Would you please return the lines of the entries below starting at the line that has "و غیره می‌شود." and ending at the line that has "Signé Jakob+MacFarlane, l’Orange", both included, exactly as they are?

**Data to use:**

== Segment start ==

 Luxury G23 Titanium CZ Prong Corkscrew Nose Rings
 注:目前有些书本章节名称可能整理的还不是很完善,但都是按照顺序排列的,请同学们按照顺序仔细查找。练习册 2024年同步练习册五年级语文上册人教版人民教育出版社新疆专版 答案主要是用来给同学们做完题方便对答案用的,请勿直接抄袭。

== Segment end ==
== Segment start ==

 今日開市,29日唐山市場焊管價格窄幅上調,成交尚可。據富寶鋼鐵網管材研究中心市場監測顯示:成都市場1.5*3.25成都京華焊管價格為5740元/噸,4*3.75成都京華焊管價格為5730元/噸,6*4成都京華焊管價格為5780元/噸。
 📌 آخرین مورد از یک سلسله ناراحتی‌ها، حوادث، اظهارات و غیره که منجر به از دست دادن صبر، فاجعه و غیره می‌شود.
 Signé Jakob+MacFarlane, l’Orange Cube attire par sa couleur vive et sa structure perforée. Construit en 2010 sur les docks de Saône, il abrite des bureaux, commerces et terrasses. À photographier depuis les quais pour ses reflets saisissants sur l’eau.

== Segment end ==

**Solution to this problem:**
 📌 آخرین مورد از یک سلسله ناراحتی‌ها، حوادث، اظهارات و غیره که منجر به از دست دادن صبر، فاجعه و غیره می‌شود.
 Signé Jakob+MacFarlane, l’Orange Cube attire par sa couleur vive et sa structure perforée. Construit en 2010 sur les docks de Saône, il abrite des bureaux, commerces et terrasses. À photographier depuis les quais pour ses reflets saisissants sur l’eau.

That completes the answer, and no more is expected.